• The problem: The pictures are to be omitted when the entries are reproduced exactly.

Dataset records

++++

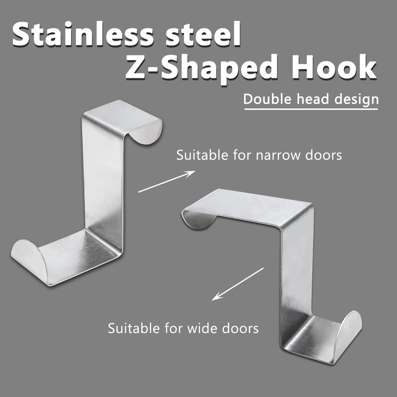 • Easy to Use: You just put the Z-shaped hanging hooks on the top of your cabinet or door, no need to stick, no screws or nails. The door hook can be used on the doors of two thicknesses, and the durable structure can be hung anywhere at will.
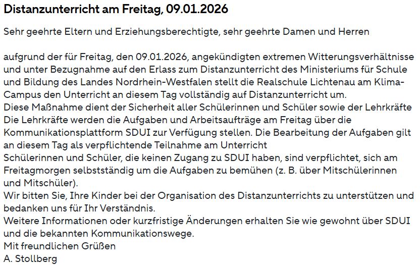 WICHTIG: Am Freitag, 09.01.2026, findet aufgrund der extremen Witterungsverhältnisse Distanzunterricht von Zuhause statt. Die Schüler*innen bearbeiten ihre über Sdui gestellten Aufgaben zuhause und/oder nehmen an Videokonferenzen mit den Lehrkräften teil.
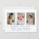 O que torna este anúncio de nascimento especial é que ele mostra: uma foto de bebê sozinho, bebê e mãe nova, e bebê e novo papai, além de outra foto de bebê nas costas com estatísticas de nascimento. Adicione um tipo de script moderno e ofereça aos amigos e à família um instantâneo da nova família, com 4 fotos no total. Substitua essas fotos marcadoras por suas fotos carinhosas.
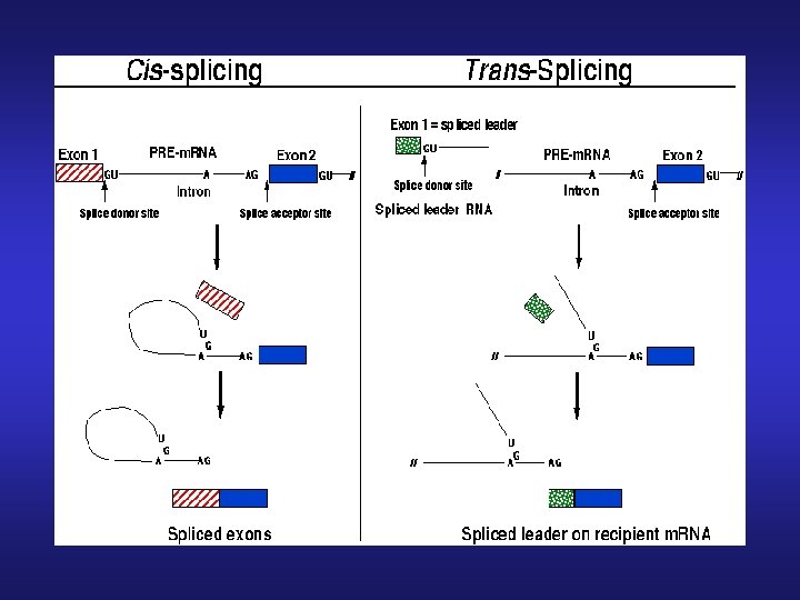 Procesamiento del pre-ARNm / Trans-splicing • Todos los ARNm estudiados comienzan con la misma secuencia de 30 -40 nt -> miniexon (ME - SL) • Esa secuencia no se encuentra en las vecindades del gen que está siendo analizado • Existen 100 -200 genes para ME por núcleo en tandem • c/u está presente en un repetido de aprox 1, 3 kb • Su transcripto presenta Cap 4 (m 7 G, metilaciones 2’OH ribosas 1 -4 y metilaciones en las bases 1 y 4) y es monocistrónico
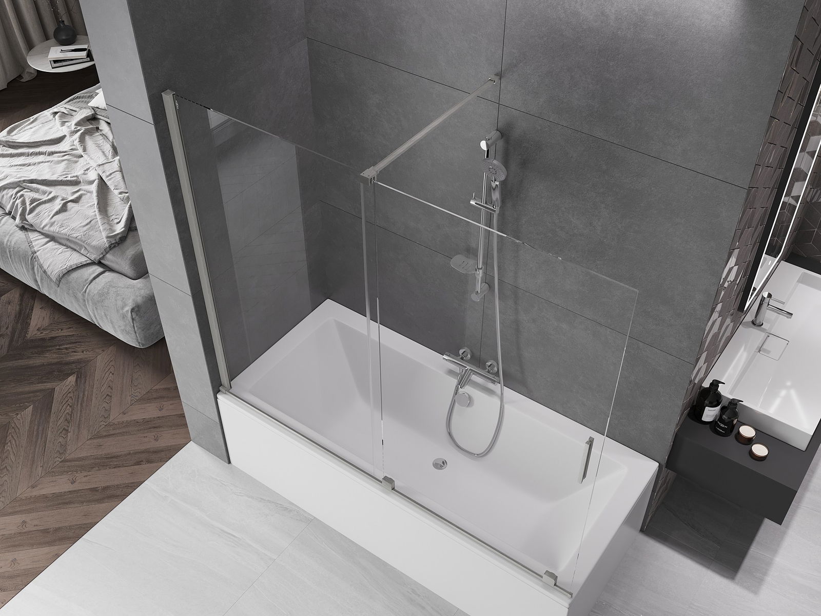 Mexen Velar paravento per vasca da bagno a 2 ante scorrevoli 180 x 150 cm, trasparente, nichel spazzolato - 896-180-000-01-97

++++

• Finished exercise:
 • Easy to Use: You just put the Z-shaped hanging hooks on the top of your cabinet or door, no need to stick, no screws or nails. The door hook can be used on the doors of two thicknesses, and the durable structure can be hung anywhere at will.
 WICHTIG: Am Freitag, 09.01.2026, findet aufgrund der extremen Witterungsverhältnisse Distanzunterricht von Zuhause statt. Die Schüler*innen bearbeiten ihre über Sdui gestellten Aufgaben zuhause und/oder nehmen an Videokonferenzen mit den Lehrkräften teil.
 O que torna este anúncio de nascimento especial é que ele mostra: uma foto de bebê sozinho, bebê e mãe nova, e bebê e novo papai, além de outra foto de bebê nas costas com estatísticas de nascimento. Adicione um tipo de script moderno e ofereça aos amigos e à família um instantâneo da nova família, com 4 fotos no total. Substitua essas fotos marcadoras por suas fotos carinhosas.
 Procesamiento del pre-ARNm / Trans-splicing • Todos los ARNm estudiados comienzan con la misma secuencia de 30 -40 nt -> miniexon (ME - SL) • Esa secuencia no se encuentra en las vecindades del gen que está siendo analizado • Existen 100 -200 genes para ME por núcleo en tandem • c/u está presente en un repetido de aprox 1, 3 kb • Su transcripto presenta Cap 4 (m 7 G, metilaciones 2’OH ribosas 1 -4 y metilaciones en las bases 1 y 4) y es monocistrónico
 Mexen Velar paravento per vasca da bagno a 2 ante scorrevoli 180 x 150 cm, trasparente, nichel spazzolato - 896-180-000-01-97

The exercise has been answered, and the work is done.